Chair Professor, Department of Mathematics
Vice-President (Student Affairs), Office of the Vice-President (Student Affairs)
City University of Hong Kong
Biography:
Raymond Chan is now the Vice-President (Student Affairs) at City University of Hong Kong (CityU) since 2021. Prior to joining CityU, he was the Head of the Mathematics Department (2012-2018) at the Chinese University of Hong Kong (CUHK) and retired from CUHK in 2019 as an Emeritus Professor to become the founding Dean of the College of Science at CityU. Chan has published 150 journal papers and authored 3 books. He was in the ISI Science Citation List of Top Highly-Cited Mathematicians in the world (2001 List) and was ranked no. 89 in the Numerical and Computational Mathematics field in the Stanford 2020 study of the world top 2% scientists. He won a Leslie Fox Prize for Numerical Analysis in 1989 at Cambridge, United Kingdom; a Feng Kang Prize of Scientific Computing in 1997 in Beijing, China; a Morningside Award in 1998 in Beijing, China; and 2011 Higher Education Outstanding Scientific Research Output Awards (First Prize) from the Ministry of Education in China. He was elected a Fellow of the US Society of Industrial and Applied Mathematicians (SIAM) in 2013 and a Fellow of American Mathematical Society (AMS) in 2021. Incidentally, Chan was the first and only one from an Asian university elected to SIAM Council since SIAM was established in 1952, and he served for two terms from 2015 to 2020. Chan has served on the editorial boards of many journals, presented over 170 invited conference talks in more than 20 countries.

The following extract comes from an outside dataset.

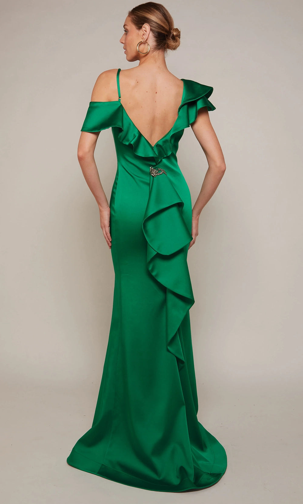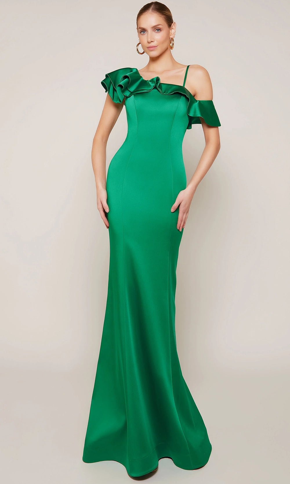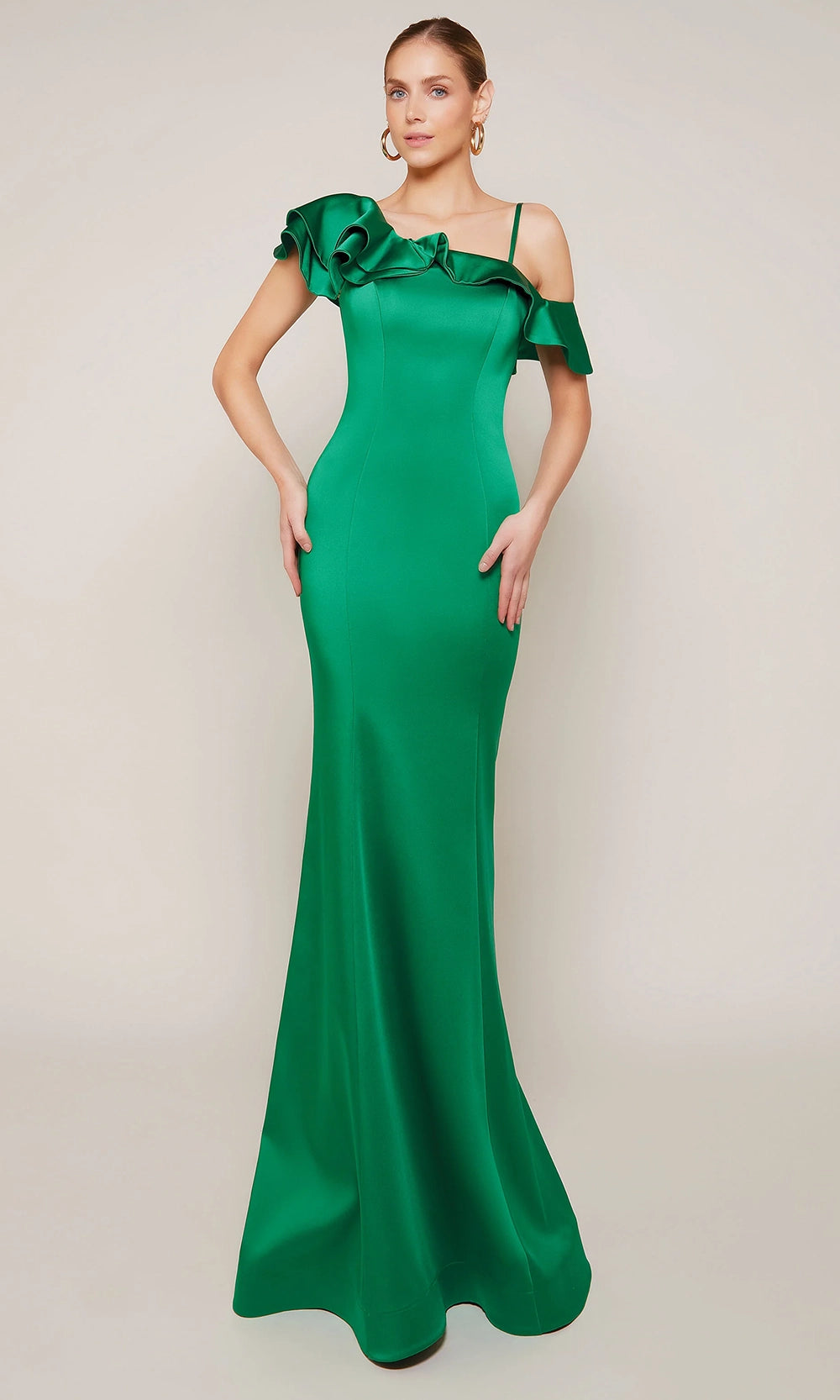 Channel show-stopping elegance in the Alyce Paris 27691 dress that makes a lasting impression. The asymmetric neckline has cap sleeves and single adjustable spaghetti strap that offer both support and style. A sculpted bodice leads into a sheath skirt with a gentle flare and elegant sweep train. The standout feature is the cascading ruffle that graces neckline and v-open back, bringing dramatic dimension. The luminous satin fabric complements the form with fluid sophistication, while the back zipper secures a flawless fit. Alyce Paris 27691 effortlessly blends modern design and graceful silhouette for a striking evening look. Model is wearing Emerald color.

With the advances in sensor technology, data has become ubiquitous. To make sense of data we have to solve higher and higher dimensional problems that may seem intractable. However, many high-dimensional problems have solutions that live in low-dimensional spaces. Sparsity is a way to exploit the low-dimensional structure of the solutions to obtain feasible solutions for high-dimensional problems. In this talk, we will see how sparsity can be applied to facilitate the solutions of imaging problems, including magnetic resonance imaging, single-molecule localisation microscopy, and ground-based astronomy.